Regulatory scrutiny of employee data exfiltration is also extending beyond traditional contractual and intellectual property claims. The focus is increasingly on how organisations detect, escalate and respond to such incidents in practice. Effective responses require close coordination between legal, data security and governance functions, supported by early preservation of digital evidence and clear escalation pathways to enable timely regulatory engagement. This, in turn, reinforces the importance of integrating technical controls, forensic capability and legal response planning across the employment lifecycle rather than treating data theft as a purely post‑departure issue.

What boards need to know about converging workplace regulation

The next phase of workplace regulation is defined by convergence. As technology, data use, wage integrity and safety obligations are increasingly assessed as interconnected systems, the focus of regulatory scrutiny is shifting away from policy design and toward operational effectiveness. Boards are being judged less on articulated intent and more on whether governance, data and control frameworks function reliably across the full lifecycle of work.

This expectations shift extends beyond technology and people risk to financial exposure.

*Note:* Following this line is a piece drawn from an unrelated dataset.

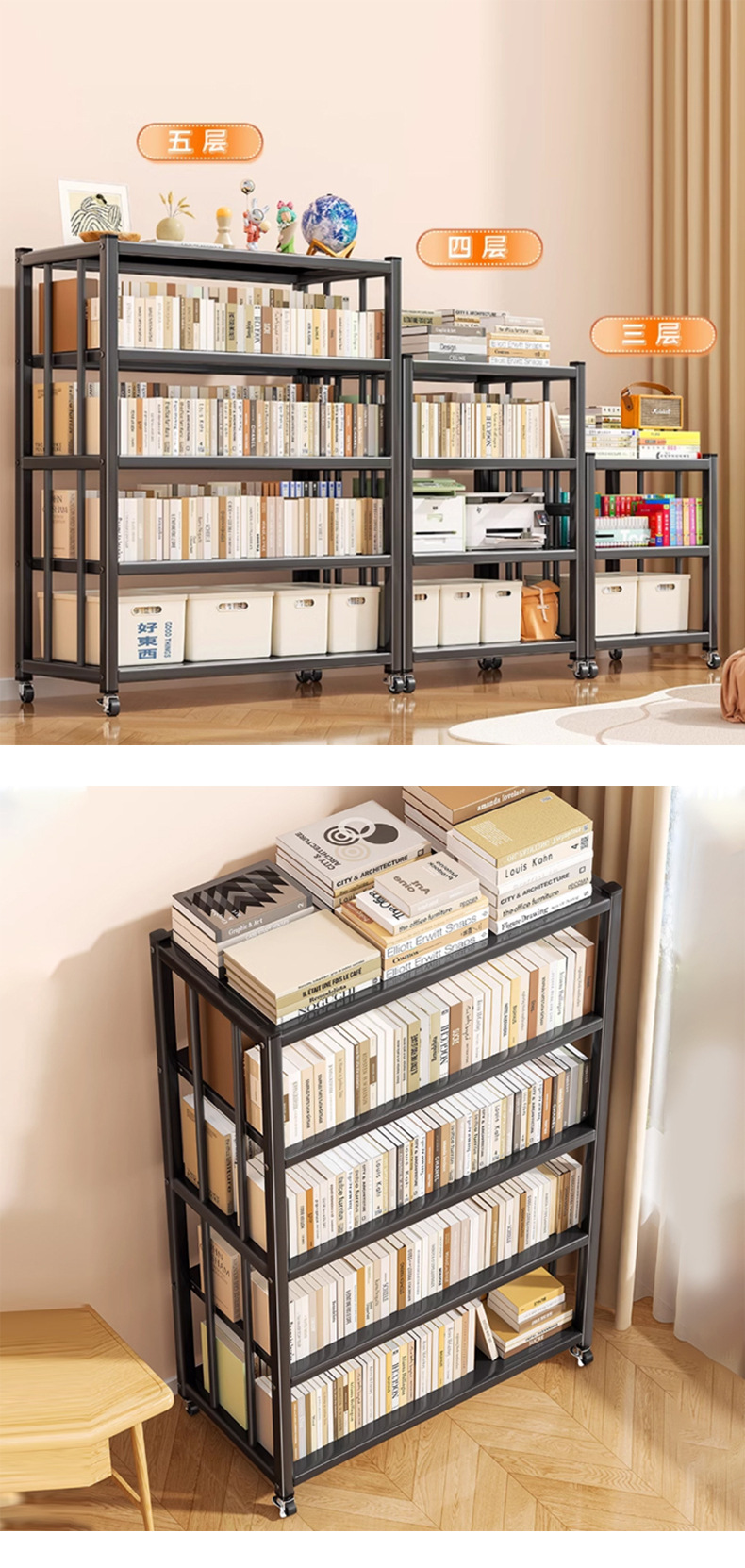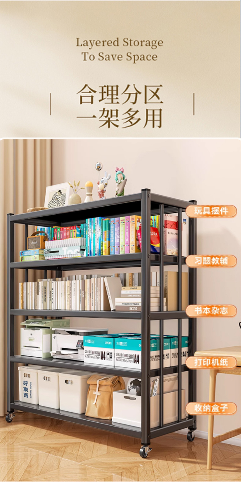 책장 선반 다층 가정용 거실 수납 선반 이동식 전시용 책장 간단한 그림책 수납 선반

Entitlements risk – including accrued leave, superannuation and termination liabilities – is now widely recognised as a balance‑sheet and liquidity issue, requiring proactive oversight rather than reactive remediation during periods of change or stress. Taken together, these developments reinforce a clear message: organisations that integrate controls across disciplines, anticipate regulatory interaction and can demonstrate that systems work in practice will be better placed to manage risk, meet evolving regulatory, workforce and stakeholder expectations, and mitigate reputational harm.